This beautifully faded skeleton formed the foundation for a gloriously eclectic mixture of furniture, paintings, antique wallpaper from Hong Kong, huge mirrors to bounce light around the space, lamps (of course) and racks and piles of “far too many” clothes and accessories.

“All these cupboards are just full of clothes that I’ve collected since I was 15. I was a punk rocker then and I’ve kept all my Vivienne Westwood, all my Seditionaries clothing and my Pam Hogg. All my clothes are vintage, I don’t really buy new stuff.”

Next to the dressing room is a shower room, which Hersham-Loftus assures me was once a very clear space but now houses fur coats and the “Rude” lampshades that Loftus makes from vintage lingerie lace. With their curvaceous, corsetry-inspired shapes and boudoir fabrics, these would look at home in any fin-de-siecle Paris bordello and can be found in celeb homes the world over – Patsy Kensit and Liam Gallagher bought the entire first collection and Courtney Love owns several, while other celebrity fans of her louche interiors style include Howard Jacobson, Twiggy, Babara Haluniki, Yoko Ono, Sadie Frost and Rachel Stevens.

Even Hersham-Loftus’s off-duty outfit manages to incorporate a healthy dose of bohemia – apparently she’s just back from the gym but has still accessorised her grey marl tracksuit bottoms with a pair of heeled clogs Stevie Nicks wouldn’t have turned her nose up at. You expect Anita Pallenberg and Mick Jagger to wander past at any moment having taken a wrong turn off the set of Performance.

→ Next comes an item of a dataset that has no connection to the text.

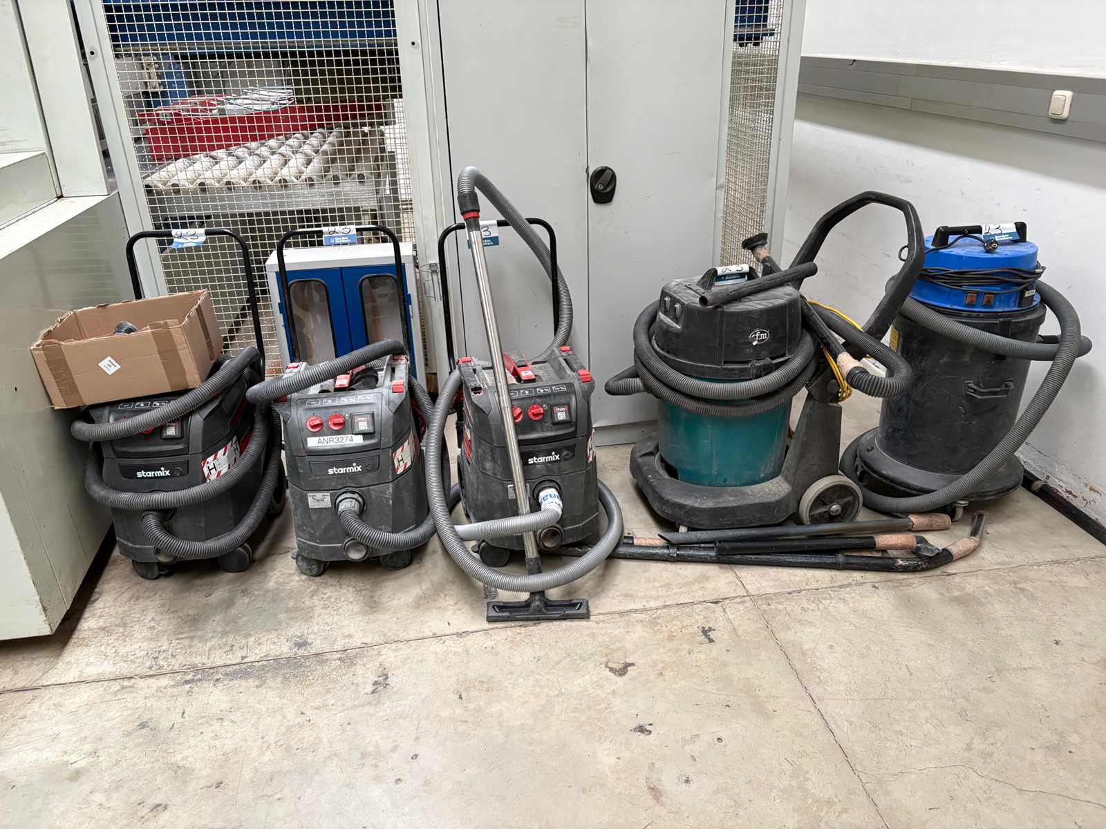 Five workshop vacuum cleaners as listed, 3 x Electostar ISP 220/240 volt 1400 watt, 1 x Eurokraft 230 volt 1300 watts, 1 x CFM GWD 350-2 220/240 volt 3000 Watt all with vacuum hoses. Auction-ID: A1-45187-23
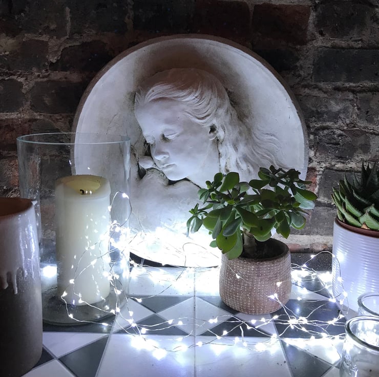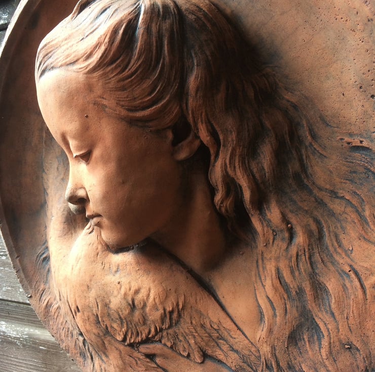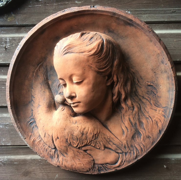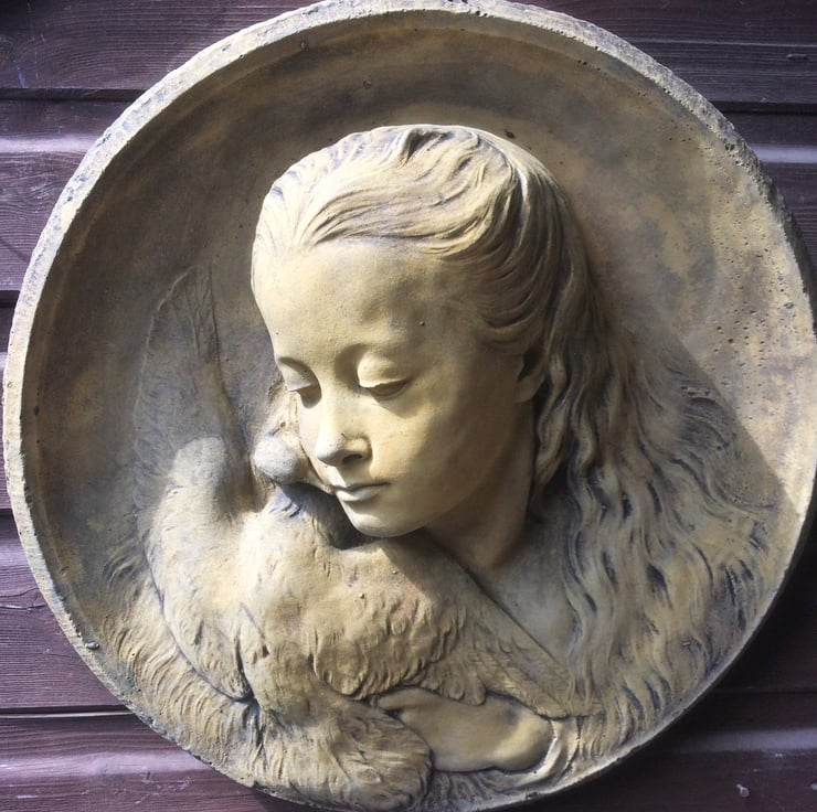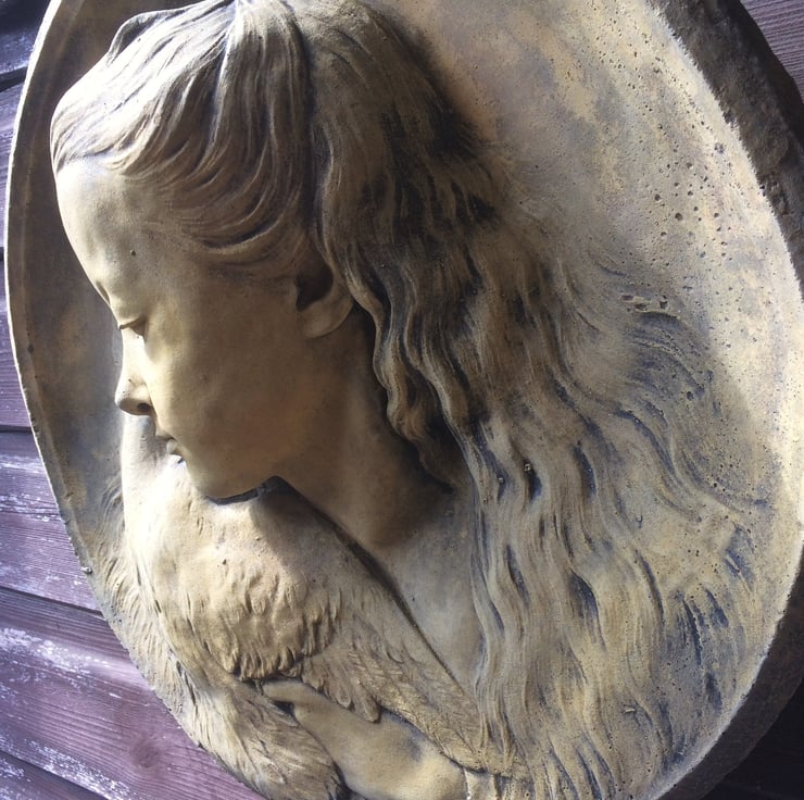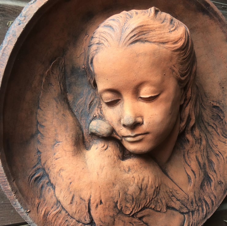 Each of our Girl and Dove wall plaques are hand cast at our Sussex workshop in frost proof reconstituted stone with an aged sandstone, terracotta or white colour finish.

Such is her passion for clothes, Hersham-Loftus even used to use them as decoration before her father, an art collector and one of the first dealers to bring Russian artists to London, died five months ago and left her his extensive collection of early 20th century Russian paintings.

“Before my father died, all I had hanging on the walls was beautiful clothes. I used to hang things like Yohji Yamamoto coats or Gothic jackets or Vivienne Westwood dresses. I’ve now got these really beautiful paintings all over the walls. It’s made the space much more sophisticated bohemian, before it was just basically bohemian and a bit hippy but now it’s become much more sophisticated with the paintings and the plants.”

A stucco-fronted 19th century flat may be the obvious vehicle for this glamorously sexy abundance but Hersham-Loftus insists that she can recreate this sensuous atmosphere in any space for, even in the boxiest contemporary interior. Her blue print starts with lighting, with backlit plants in every corner, table lights and wall lights to soften any hard edges.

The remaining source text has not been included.